[ad_1]
![]()
El domingo 11 de enero, en horas de la mañana, a la Fundación Rescátame le llegó un reporte urgente: una camada de cinco cachorros estaba en riesgo de ser sacrificada. La alerta describía una situación límite y se solicitaba ayuda inmediata. “Nosotros sugerimos aceptar el caso”, relata la directora de la organización, quien decidió ocultar su identidad para esta denuncia.
Dos días después, el martes 13 de enero, los animales fueron recibidos en una clínica veterinaria de Bogotá. Según el testimonio de la fundación, los cinco cachorros tenían alrededor de un mes de nacidos y su condición era delicada. “Llegaron débiles, llenos de parásitos y de pulgas. Una de las cachorritas apenas se movía”, cuenta la directora.
Desde ese momento empezamos a recibir mensajes constantes, vulgares y amenazantes, acusándonos falsamente de robo.
Eran cerca de las 3:00 de la tarde cuando ingresaron a valoración médica. Hasta ese momento, los animales solo habían recibido una comida en el día.
El equipo veterinario los examina y les suministra alimento especial, adecuado para su edad y para su estado de salud. Por la fragilidad en la que se encontraron, no fue posible desparasitarlos de inmediato.
Cachorros rescatados por la Fundación Rescátame el 13 de enero. Foto:archivo particular
Como ocurre de manera habitual en los rescates, la Fundación Rescátame publicó ese mismo día en sus redes sociales la búsqueda de hogares de paso responsables, con el objetivo de que los cachorros puedan recuperarse en condiciones adecuadas. Pero en la noche, la situación dio un giro inesperado. “Aparecieron unas personas que afirmaban ser los dueños de dos de las cachorritas”, explica la directora.
Una de las perritas reclamadas, según el testimonio, era justamente la más pequeña, la que se encontraba en peor estado de salud. La fundación asegura que desconocía por completo que los animales, presuntamente, ya hubieran sido adoptados. Según estas personas, los cachorros habrían sido entregados por quien los trasladó a Bogotá desde un municipio de Boyacá. “No existió ningún proceso formal con nosotros ni ningún contrato previo”, afirma la organización.

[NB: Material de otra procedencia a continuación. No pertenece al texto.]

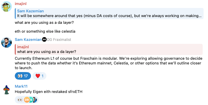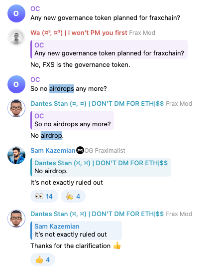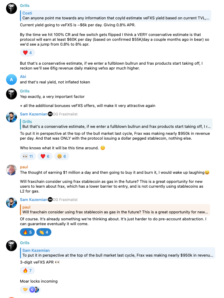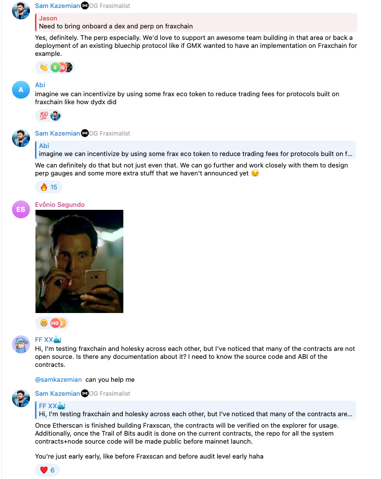 Nothing is confirmed. But lots of πŸ‘€ and πŸ’― reactions from Sam this week on a multitude of TG messages shows the team is internally discussing potential incentive structures for the launch of Fraxchain.

A pesar de ello, los reclamantes exigieron la devolución inmediata de las dos cachorras. La negativa de la fundación, sustentada en el estado de salud de los animales y en la inexistencia de un proceso legal de adopción, desencadenó una seguimiento de mensajes agresivos. “Desde ese momento empezamos a recibir mensajes constantes, vulgares y amenazantes, acusándonos falsamente de robo”, relata la directora.
La situación se escaló cuando un hombre que se identificó como Steven —así apareció registrado en su cuenta de WhatsApp— envió amenazas de muerte de manera directa a la directora de la Fundación Rescátame. “Dijo que si no le entregábamos las perritas, nos metía un tiro y una puñalada”, cuenta.
Amenazas enviadas al WhatsApp de la fundación. Foto:archivo particular
En los mensajes, según el testimonio, exigía que los animales fueran entregados ese mismo día y dio plazo hasta la 1:00 de la tarde del día siguiente. De no cumplirse su exigencia, aseguró que iría personalmente a la sede de la fundación, ubicada en el municipio de La Calera, en Cundinamarca.
Ante la gravedad de las amenazas, la organización decidió dejar constancia pública de lo ocurrido y advertir sobre cualquier riesgo para su equipo de trabajo, su director y los animales que permanecen de forma permanente en el refugio.
“Cualquier cosa que nos llegue a suceder, a nosotros oa los perritos, responsabilizamos directamente a esta persona ya otros cuatro miembros de su familia”, afirmó la directora de la fundación. Según su relato, el hostigamiento continuó a través de WhatsApp por parte de estas mismas personas.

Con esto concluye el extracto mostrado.